SQL Warehouse integration

Execute trace queries using a Databricks SQL warehouse for improved performance on large trace datasets:

Python
# Use SQL warehouse for better performance
traces = mlflow.search_traces(
    filter_string="attributes.status = 'OK'",
    sql_warehouse_id="your-warehouse-id"
)

Model Registry integration

Search for traces associated with registered models in Databricks:

Python
# Find traces for a specific registered model
model_traces = mlflow.search_traces(
    model_id="my-model-123",
    filter_string="attributes.status = 'OK'"
)

# Analyze model performance from traces
print(f"Found {len(model_traces)} successful traces for model")
print(f"Average latency: {model_traces['execution_time_ms'].mean():.2f}ms")

Search examples

Search by status

Python
# Find successful, failed, or in-progress traces
traces = mlflow.search_traces(filter_string="attributes.status = 'OK'")
# Exclude errors
traces = mlflow.search_traces(filter_string="attributes.status != 'ERROR'")

Search by timestamp

Python
import time
from datetime import datetime

# Recent traces (last 5 minutes)
current_time_ms = int(time.time() * 1000)
five_minutes_ago = current_time_ms - (5 * 60 * 1000)
traces = mlflow.search_traces(
    filter_string=f"attributes.timestamp_ms > {five_minutes_ago}"
)

# Date range
start_date = int(datetime(2024, 1, 1).timestamp() * 1000)
end_date = int(datetime(2024, 1, 31).timestamp() * 1000)
traces = mlflow.search_traces(
    filter_string=f"attributes.timestamp_ms > {start_date} AND attributes.timestamp_ms < {end_date}"
)

# Can also use 'timestamp' alias instead of 'timestamp_ms'
traces = mlflow.search_traces(filter_string=f"attributes.timestamp > {five_minutes_ago}")

Search by execution time

Python
# Find slow traces
traces = mlflow.search_traces(filter_string="attributes.execution_time_ms > 5000")

# Performance range
traces = mlflow.search_traces(
    filter_string="attributes.execution_time_ms > 100 AND attributes.execution_time_ms < 1000"
)

# Can also use 'latency' alias instead of 'execution_time_ms'
traces = mlflow.search_traces(filter_string="attributes.latency > 1000")

Search by tags

Python
# Custom tags (set via mlflow.update_current_trace)
traces = mlflow.search_traces(filter_string="tags.customer_id = 'C001'")

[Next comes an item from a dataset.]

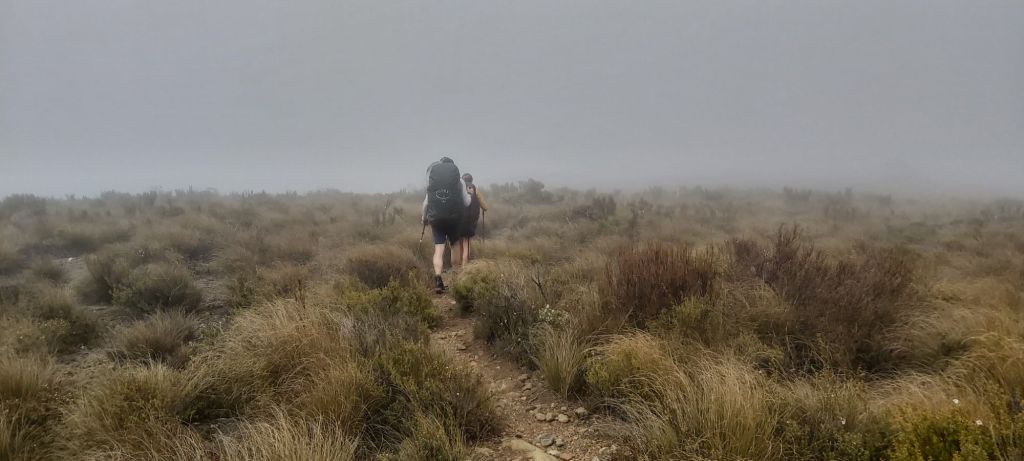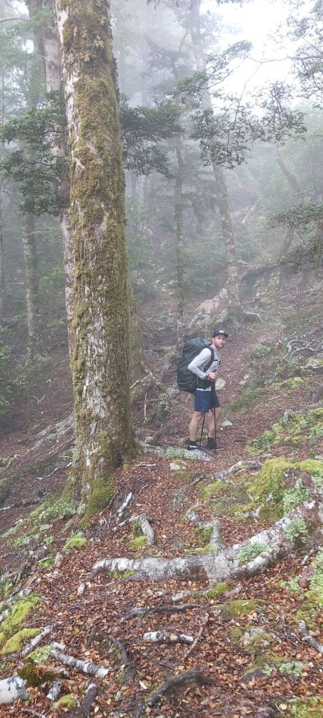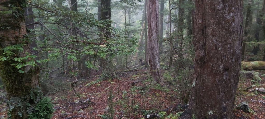 Oli decided to join our party of four, all aiming for the far target of Slaty Hut. We’d given ourselves the best chance of making it there in good time: leaving the hut early, walking on a decently good path, and keeping a steady pace. As soon as we left the rain stopped, leaving us to walk through a recently moistened forest in the clouds.

# System tags (require backticks for dotted names)
traces = mlflow.search_traces(
    filter_string="tags.`mlflow.traceName` = 'process_chat_request'"
)
traces = mlflow.search_traces(
    filter_string="tags.`mlflow.artifactLocation` != ''"
)

Complex filters

Python
# Recent successful production traces
current_time_ms = int(time.time() * 1000)
one_hour_ago = current_time_ms - (60 * 60 * 1000)

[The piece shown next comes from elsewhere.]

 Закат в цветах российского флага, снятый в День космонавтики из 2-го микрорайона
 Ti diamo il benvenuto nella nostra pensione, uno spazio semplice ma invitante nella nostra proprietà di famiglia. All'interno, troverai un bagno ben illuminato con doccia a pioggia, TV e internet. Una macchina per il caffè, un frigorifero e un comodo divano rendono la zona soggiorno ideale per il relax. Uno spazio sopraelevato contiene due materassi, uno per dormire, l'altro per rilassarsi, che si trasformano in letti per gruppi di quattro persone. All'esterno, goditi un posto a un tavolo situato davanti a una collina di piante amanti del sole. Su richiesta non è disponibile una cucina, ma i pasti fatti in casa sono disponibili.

traces = mlflow.search_traces(
    filter_string=f"attributes.status = 'OK' AND "
                 f"attributes.timestamp_ms > {one_hour_ago} AND "
                 f"tags.environment = 'production'"
)

# Fast traces from specific user
traces = mlflow.search_traces(
    filter_string="attributes.execution_time_ms < 100 AND "
                 "metadata.`mlflow.user` = 'alice@company.com'"
)

# Specific function with performance threshold
traces = mlflow.search_traces(
    filter_string="tags.`mlflow.traceName` = 'process_payment' AND "
                 "attributes.execution_time_ms > 1000"
)

Query by context metadata

These examples demonstrate how to search across multiple traces using context metadata like user IDs, sessions, environments, and feature flags. For details on adding context metadata to traces, see Add context to traces. For a tutorial, see Tutorial: Trace and analyze users and environments.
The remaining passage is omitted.